• Data for the task:
--- START ---

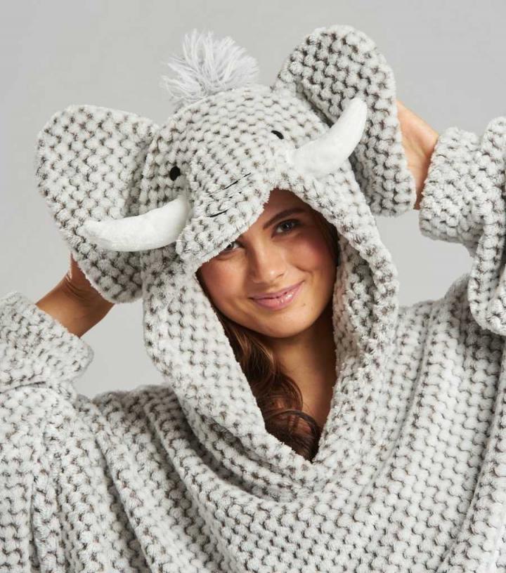 Nightwear | New Look Womens Loungeable Pale Grey Elephant Waffle Fleece Blanket Hoodie
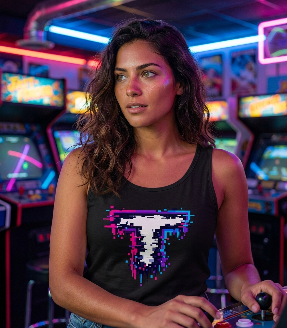 This vibrant glitch design captures the dynamic lifestyle of enthusiasts who appreciate retro-futuristic aesthetics, digital art, and modern tech culture.
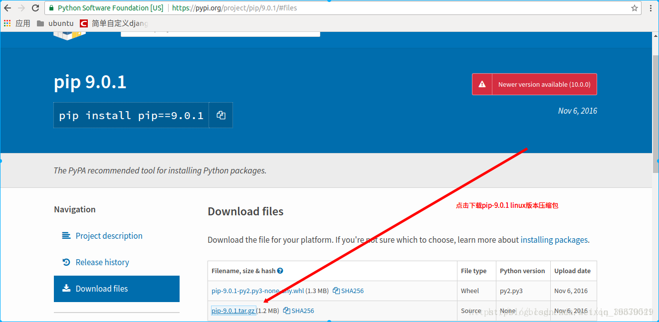 1 从pip官网下载压缩包pip-9.0.1.tar.gz
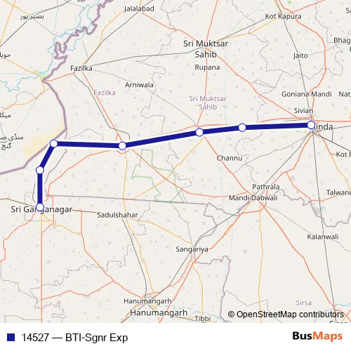 The first stop of the 14527 rail route is Bathinda and the last stop is Shri Ganganagar. 14527 (BTI-Sgnr Exp) is operational during on weekends.
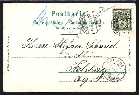 Personenbezogene Daten auf der Rückseite der Karte wurden durch blauen Textmarker unkenntlich gemacht. Die blauen Stellen sind auf die Vorderseite durchgeweicht und wirken sich negativ auf das Postkartenfoto aus
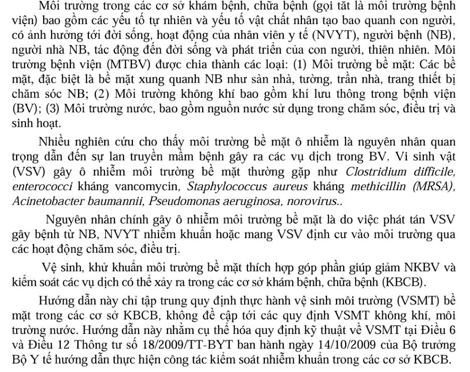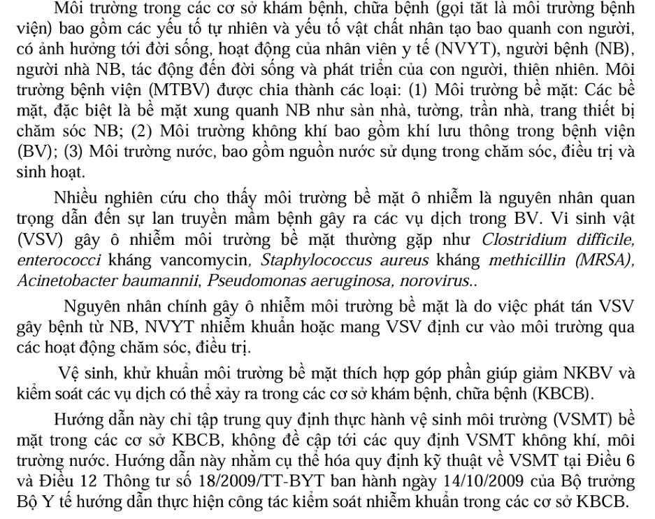 Tài liệu “Hướng dẫn vệ sinh môi trường bề mặt trong các cơ sở khám bệnh, chữa bệnh” (Bộ Y tế, 2017) được ban hành nhằm thống nhất quy trình vệ sinh, khử khuẩn bề mặt; giúp giảm thiểu nguy cơ lây truyền tác nhân gây bệnh, phòng ngừa nhiễm khuẩn bệnh viện và bảo đảm môi trường chăm sóc an toàn cho người bệnh và nhân viên y tế.
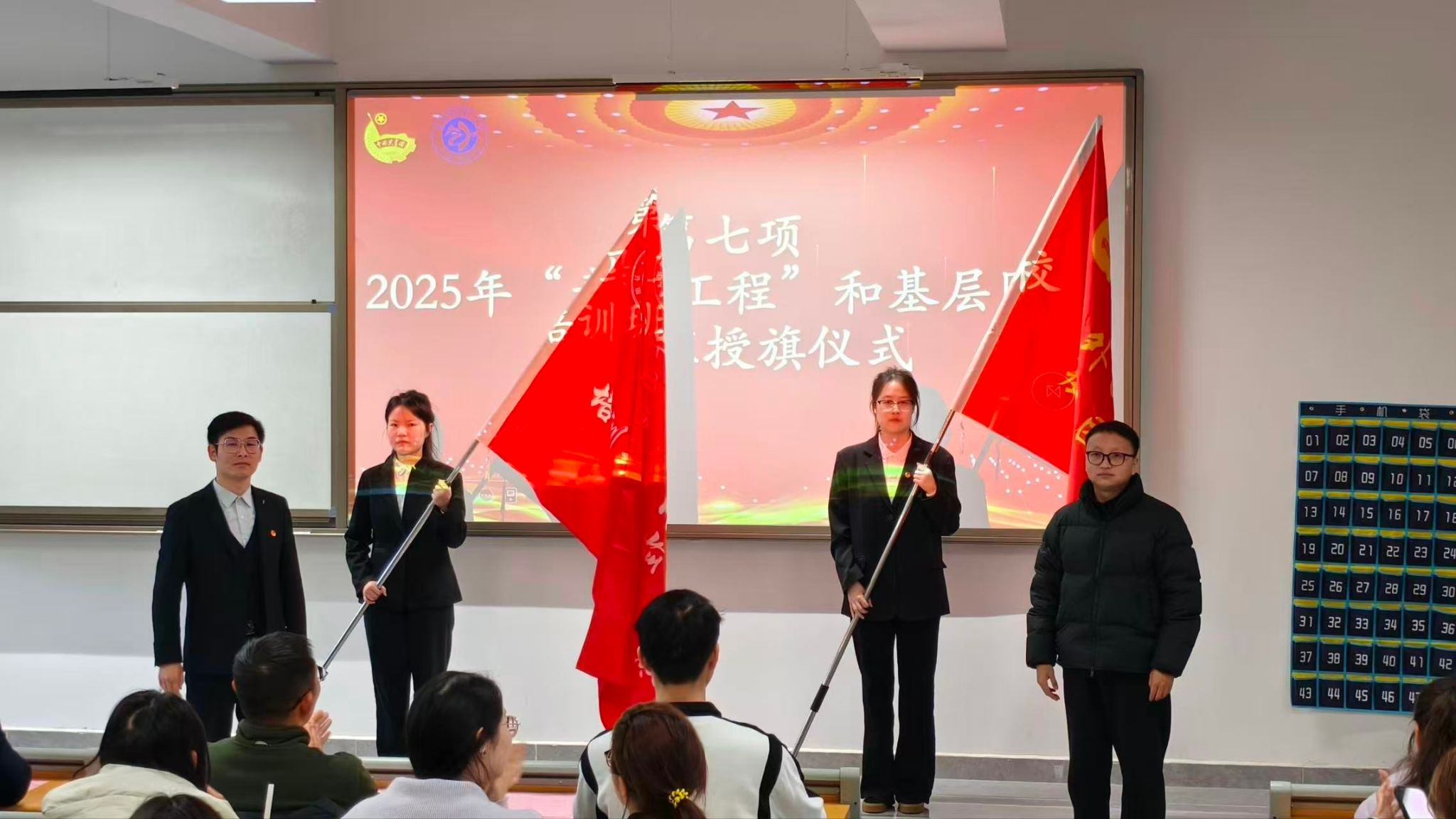 在颁奖环节,学工办主任陈卓老师为“先进班集体”代表颁奖,校团委副书记史贵鹏老师为“优秀学生干部”颁发荣誉证书。紧接着,史贵鹏老师与陈卓老师分别为“青马工程”培训班与基层团校培训班授旗,青马班团支书陈玲和基层团校团支书丰奕鑫同学代表接旗,象征着新一期培训工作的正式启动。
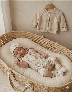 This pattern has 3 size options from new-born to 3 months old and the size is determined by the needles and yarn used, the details of which are provided in the pattern.
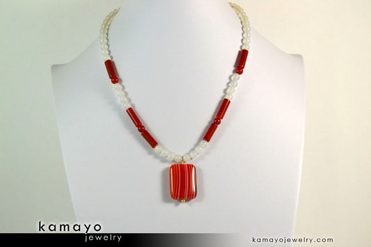 SARDONYX NECKLACE - Rectangle Sardonyx Pendant and White Onyx Beads
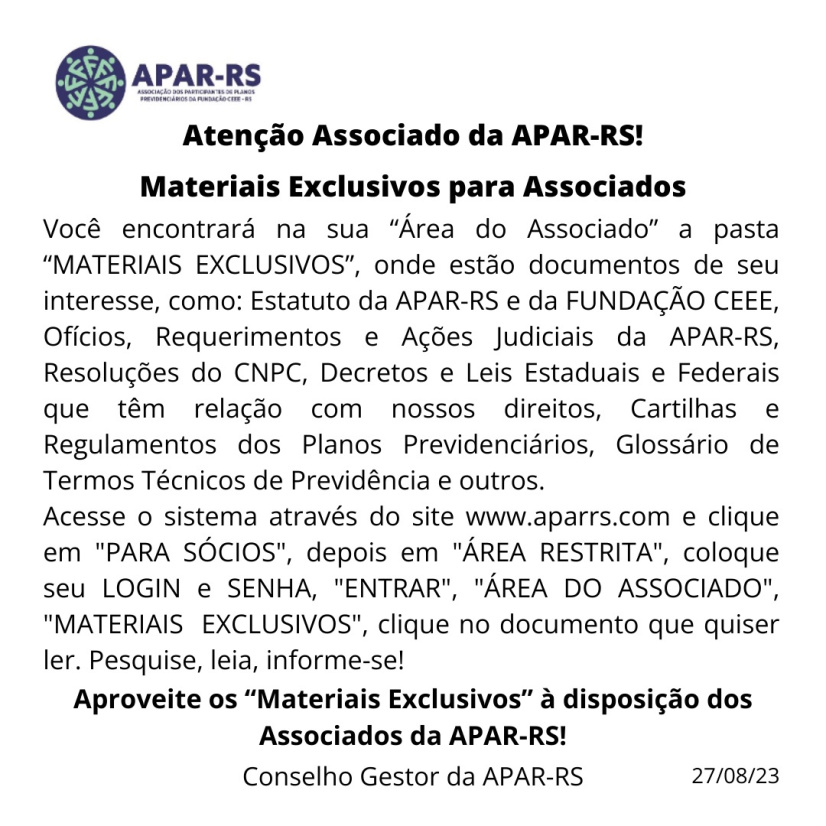 Faça o pagamento somente após associar-se à APAR-RS
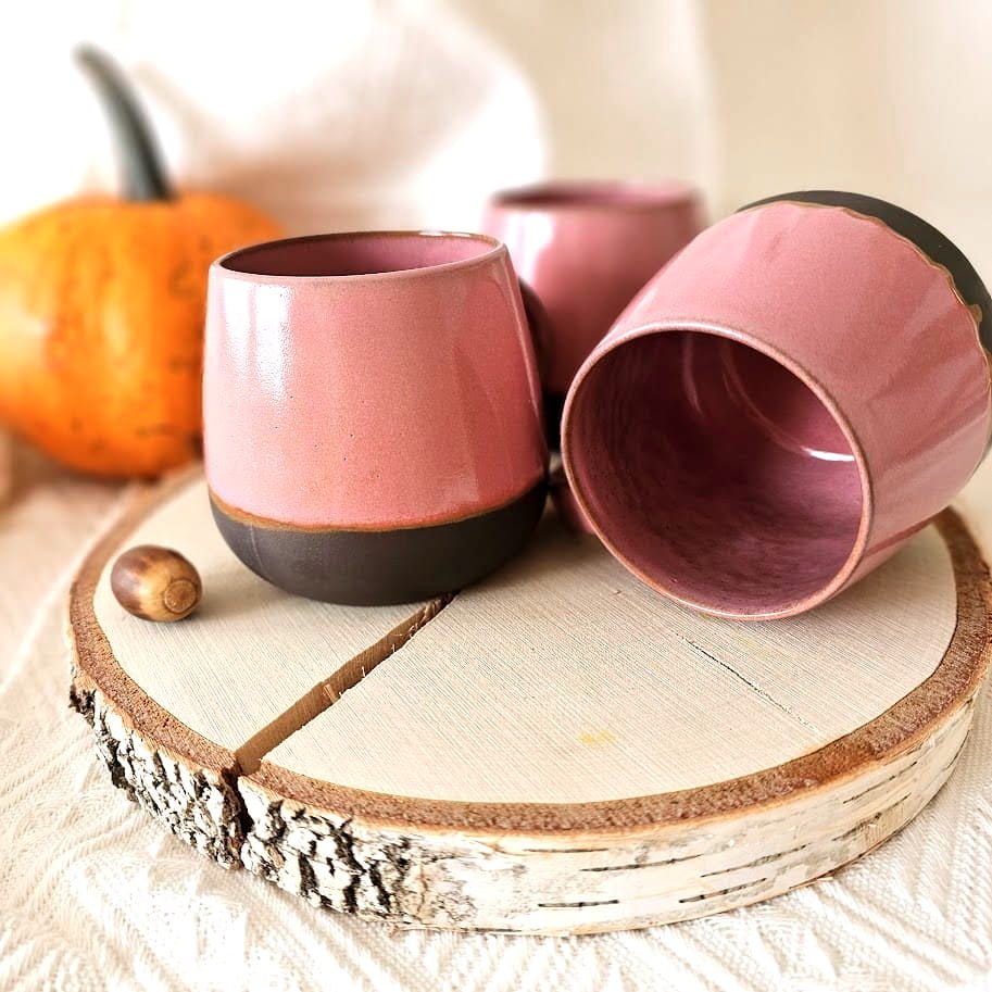 Ręcznie robiony kubek ceramiczny beczułka różowy MALINA.

--- END ---

Reproduce the lines above, exactly and exclusively, from the line containing "在颁奖环节,学工办主任陈卓老" down to the last line, both included; pictures are not part of the copy.

 在颁奖环节,学工办主任陈卓老师为“先进班集体”代表颁奖,校团委副书记史贵鹏老师为“优秀学生干部”颁发荣誉证书。紧接着,史贵鹏老师与陈卓老师分别为“青马工程”培训班与基层团校培训班授旗,青马班团支书陈玲和基层团校团支书丰奕鑫同学代表接旗,象征着新一期培训工作的正式启动。
 This pattern has 3 size options from new-born to 3 months old and the size is determined by the needles and yarn used, the details of which are provided in the pattern.
 SARDONYX NECKLACE - Rectangle Sardonyx Pendant and White Onyx Beads
 Faça o pagamento somente após associar-se à APAR-RS
 Ręcznie robiony kubek ceramiczny beczułka różowy MALINA.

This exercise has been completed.